Signs of Hyperthyroidism in Cats


Hyperthyroidism is a condition that occurs when there is an increased production of the thyroid hormone in cats. The thyroid hormone (T3 and T4) is produced by the thyroid glands that are situated in the cat’s neck. This gland also appears to be enlarged. If you find your cat’s neck to be swollen, you need to get it evaluated by the vet. The thyroid hormone regulates many major organs of the cat and it can lead to multiple health issues, if not diagnosed and treated in time.

This condition affects mostly middle-aged to older cats. When diagnosed early, the issue can be corrected in most cases. Hyperthyroidism is often due to a non-cancerous tumor. In certain rare cases, the enlargement may occur due to malignant tumors.
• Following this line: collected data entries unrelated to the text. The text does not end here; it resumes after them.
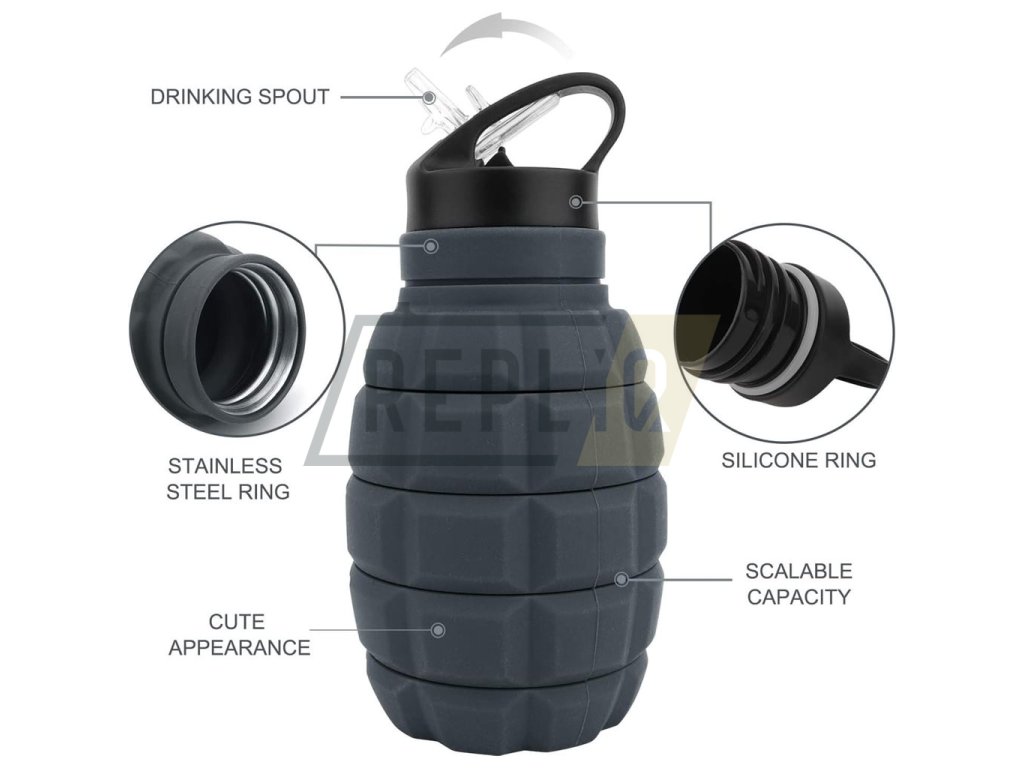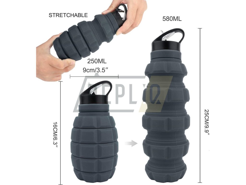 Praktická a hlavně stylová skládací láhev na vodu o maximálním objemu 580 ml. Ve složeném stavu nabízí 250 ml objemu. Na výrobu láhve byl použit odolný potravinářský silikon bez BPA, jehož teplotní odolnost činí od -40 °C do 230 °C. Hrdlo láhve je vyztužené za pomoci kroužku nerezové oceli a víčko disponuje silikonovým těsněním. Před prvním použitím vypláchněte teplovou vodou, nepoužívejte v mikrovlnné troubě, troubě, na ohni a jiných zdrojích přímého tepla.
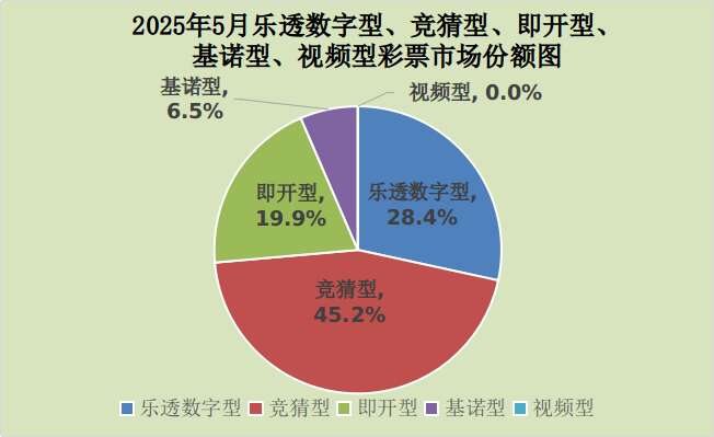 1-5月累计,乐透数字型彩票销售740.78亿元,同比减少8.90亿元,下降1.2%;竞猜型彩票销售1159.34亿元,同比增加111.31亿元,增长10.6%;即开型彩票销售567.84亿元,同比增加10.69亿元,增长1.9%;基诺型彩票销售165.76亿元,同比减少4.78亿元,下降2.8%。1-5月,乐透数字型、竞猜型、即开型、基诺型彩票销售量分别占彩票销售总量的28.1%、44.0%、21.6%、6.3%。视频型彩票销售0.0054亿元,同比减少0.0005亿元。
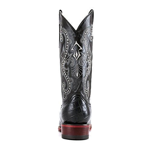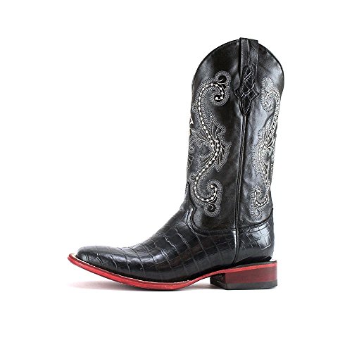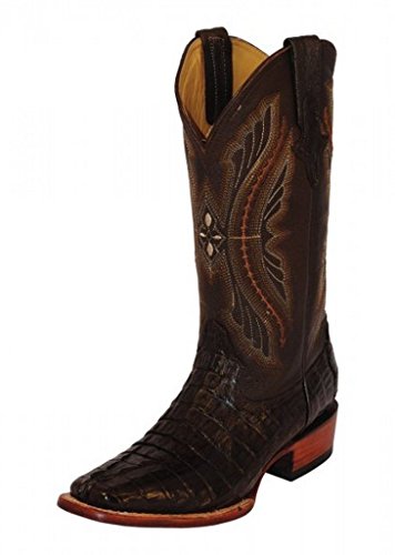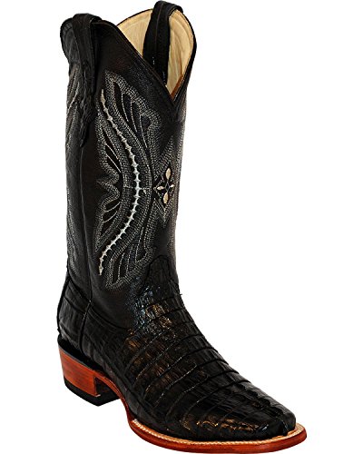 Studio : FERRINI USA INC Publisher : FERRINI USA INC Binding : Misc. Product Description Ferrini Mens Caiman Croc Tail Square Toe Boots Get stylish with these Ferrini Caiman Crocodile Tale black shoes for men. The cowboy styled boots feature Caiman tail croc leather foot under an embroidered shaft. Crafted from superior exotic, handmade leather, the embroidered shaft and cushioned insole provides maximum comfort and look chic. Adorned with quality leather lining and square toe profile, the boots have a comfortable fit. The single stitched welt and croc overlay at the pull straps further accentuates its classy look. The low block walking heel provides optimum support on rough surfaces. Product Features: Handmade from quality leather material. The cushioned insole provides optimum comfort. The embroidered shaft looks absolutely classy. The round toe profile has a better grip and fit. The croc overlay at pull straps looks superb. Item Specifications: Shaft Height: 13" 0
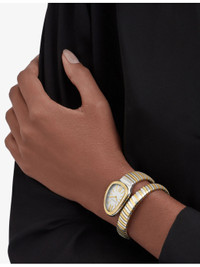 PRODUCT DETAILS - Bvlgari 18ct yellow-gold, stainless steel and brilliant-cut diamond quartz watch - 100% 18ct yellow gold; 100% stainless steel - 38 diamonds - Moulds to wrist - Style number: BR858992 - Spiral case, white opaline dial with guilloche soleil treatment, hand-applied indexes, set with a cabochon-cut pink rubellite, Roman numeral indexes at 12 and 6, calibre B033, polished finish - Case diameter: 35mm - Wipe with a clean, dry cloth - Made in Switzerland - Two-year manufacturer's warranty - Please refer to the brand’s care instructions - Bvlgari prides itself on providing excellent customer service. This includes contacting customers to offer after-sales care and share details about its brand and products. As such, when you order a Bvlgari product from us, your details will be passed onto Bvlgari so that it can provide these services to you. - To learn more about this product or for expert styling services, get in touch with our Personal Shopping team Ref: R03993271
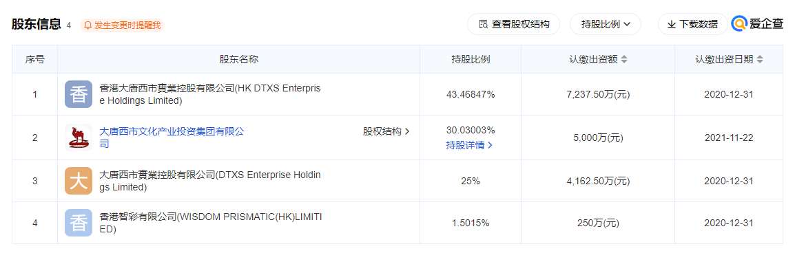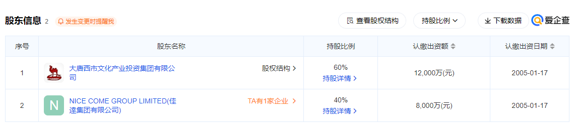 公开资料显示,西安大唐西市置业有限公司所属行业为房地产业,控股股东为大唐西市文化产业投资集团有限公司(简称“大唐西市文化产业投资集团”),持股比例为60%。西安大唐西市实业有限公司所属行业为通用设备制造业,主要股东为香港大唐西市实业控股有限公司、大唐西市文化产业投资集团、大唐西市实业控股有限公司,持股比例分别为43.4685%、30.03%、25%。
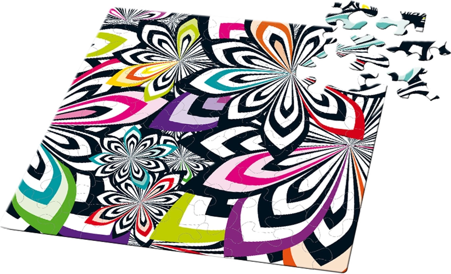 Ontdek het leuke leggen met de vierkante puzzel Curiosi Q Shake in patroon IV. Biedt een origineel design, onconventionele vormen van stukjes voor meer uitdaging en een compact formaat van de voltooide afbeelding, die bijna overal past.
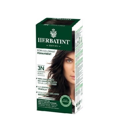 Le soin colorant permanent Herbatint 3N Chatain Fonce allie coloration végétale intense et soin profond pour cheveux colorés, sans ammoniaque ni parabènes.

Signs of Hyperthyroidism in Cats

Hyperthyroidism symptoms in cats

You may not be able to tell whether your cat is suffering from hyperthyroidism initially, because it can be difficult to find any behavioural changes. But the symptoms become more apparent later on. Here is what you need to look for.
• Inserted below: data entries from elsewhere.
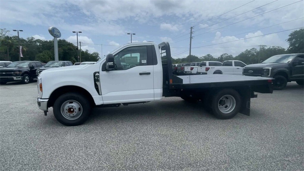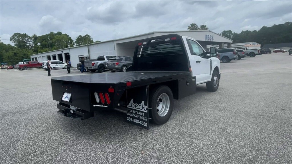 We added flatbed with toolbox to this unit. Ready to go make you some money. Gooseneck built in. Oxford White 2024 Ford F-350SD XL RWD 10-Speed Automatic 7.3L V8 PFI OHV 16V Federal 335hp Bluetooth, Back up camera , GVWR: 14,000 lb Payload Package, Heavy-Service Front Suspension Package, Order Code 640A, XL Chrome Package (Bright Grille, Chrome Front Bumper, Halogen Fog Lamps, and Remote Start), 17" Argent Painted Steel Wheels, 3.73 Axle Ratio, 4 Speakers, 4-Wheel Disc Brakes, ABS brakes, Air Conditioning, AM/FM radio, AM/FM Stereo w/MP3 Player, Brake assist, Compass, Delay-off headlights, Dual front impact airbags, Dual front side impact airbags, Dual rear wheels, Emergency communication system: SYNC 4 911 Assist, Front anti-roll bar, Front Center Armrest w/Storage, Front reading lights, Front wheel independent suspension, Fully automatic headlights, HD Vinyl 40/20/40 Split Bench Seat, Heated door mirrors, Illuminated entry, Low tire pressure warning, Outside temperature display, Overhead airbag, Overhead console, Panic alarm, Passenger cancellable airbag, Passenger vanity mirror, Power door mirrors, Power steering, Power windows, Rear anti-roll bar, Remote keyless entry, Speed control, Steering wheel mounted audio controls, SYNC 4 Communications & Entertainment System, Tachometer, Telescoping steering wheel, Tilt steering wheel, Traction control, Trip computer, Turn signal indicator mirrors, and Variably intermittent wipers.
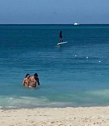 The surfboard-looking device is called a Flyt. It’s basically a short surfboard on a motorized pedastol. If you can keep your balance (and this guy had no problem doing so) you can zip across the water at a pretty impressive clip.
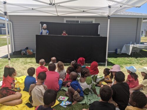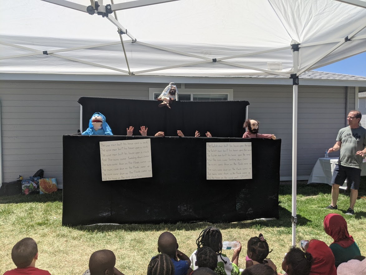 The sound of laughing children and shared conversation filled the air as the show ended and the kids finished off their treats while interacting with the puppets, the puppeteers, and the rest of the Linder group. It was a delightful time of making new friends and sharing the love of Jesus in this community, where many of the resident families are refugees from other countries, seeking to rebuild their lives in the Treasure Valley.
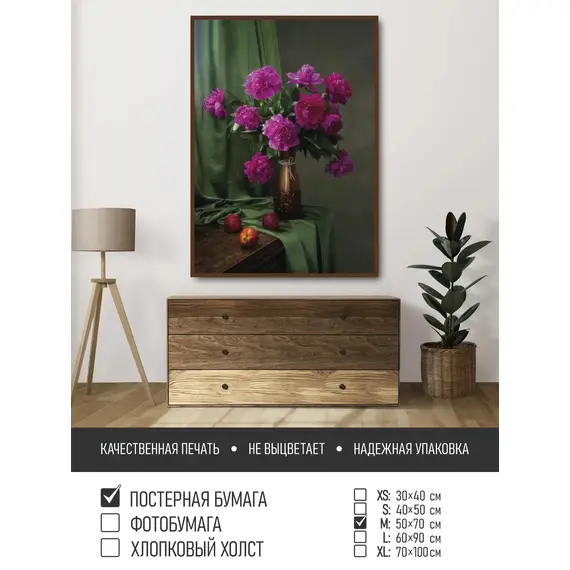 Оживите стены уникальным декором! Плакат Натюрморт Пионы Ваза Фрукты 50х70 см печатается на трех материалах:
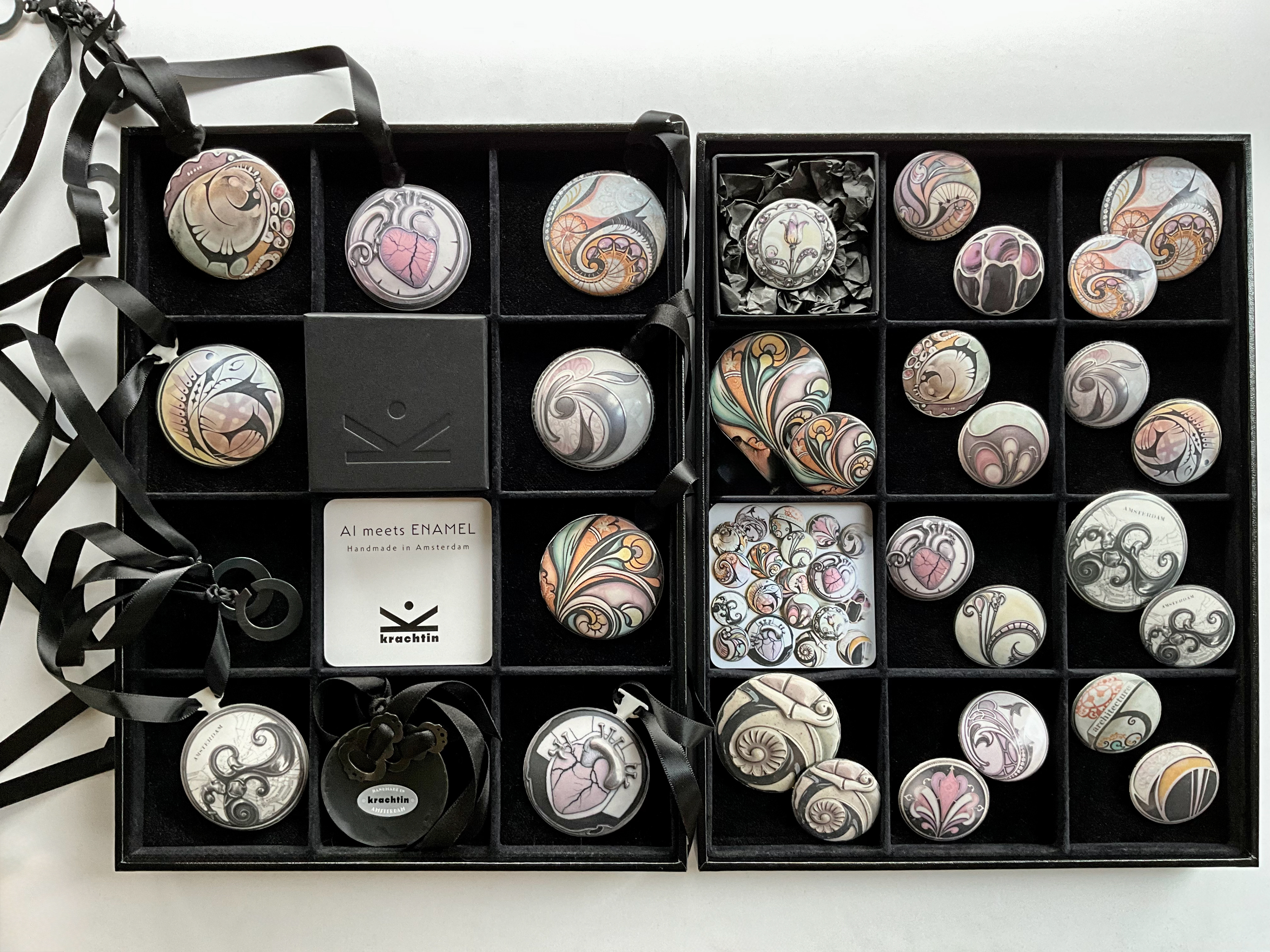 Collection of brooches and Necklaces for the museum store inspired by the exhibitions

  • Loss of weight, even when your pet is eating well.
  • Increased appetite. Your cat seems to be hungry all the time.
  • Increased intake of water
  • Diarrhea. You may find the litter box to be full all the time.
  • Frequent urination. You may find the cat peeing anywhere around the house.
  • Laboured breathing
  • Unkempt or matted hair
  • Vomiting
  • Appears to be overstimulated or restless
  • Becomes highly irritable
  • Appears to be weak

Any cat breed may be affected with hyperthyroidism. The actual cause of hyperthyroidism in cats may not be clear, but studies indicate that being exposed to certain thyroid hormone disrupting chemicals in the diet over a period of time may lead to this condition. If the cat food is too rich or too deficit in some of the compounds, it can cause hyperthyroidism. Also, if left untreated, hypothyroidism in cats can lead to severe health complications, possibly even resulting in the loss of your beloved pet.

Treatment options


Your vet may prescribe drugs to control the thyroid functioning. These may be short-term or long-term depending on the severity of the condition. Some cats may experience some side effects from the drugs but this is an inexpensive treatment that requires regular monitoring of the condition with tests.
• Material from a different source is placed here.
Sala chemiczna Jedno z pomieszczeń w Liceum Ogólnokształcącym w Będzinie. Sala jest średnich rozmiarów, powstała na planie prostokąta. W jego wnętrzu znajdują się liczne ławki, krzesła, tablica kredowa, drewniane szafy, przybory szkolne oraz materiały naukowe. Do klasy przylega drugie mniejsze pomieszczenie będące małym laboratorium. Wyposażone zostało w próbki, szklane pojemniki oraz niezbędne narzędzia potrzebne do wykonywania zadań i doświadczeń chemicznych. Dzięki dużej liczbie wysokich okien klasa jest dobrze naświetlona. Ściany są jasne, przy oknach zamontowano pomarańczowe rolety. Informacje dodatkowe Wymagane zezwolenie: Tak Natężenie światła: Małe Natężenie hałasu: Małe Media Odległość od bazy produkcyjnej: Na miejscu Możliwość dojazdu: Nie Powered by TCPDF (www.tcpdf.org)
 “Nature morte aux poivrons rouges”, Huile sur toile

The affected thyroid gland is operated and removed surgically by medical professionals. This procedure provides permanent cure in most cases.

Radioactive Iodine therapy

This treatment requires administration of an injection which helps destroy the abnormal growth of cells and maintain normal levels of thyroid hormone.


Your vet may suggest a diet that is minimal in iodine for your cat. This is known to be helpful in controlling hormone levels in many cases, but it’s long term affects are still under research.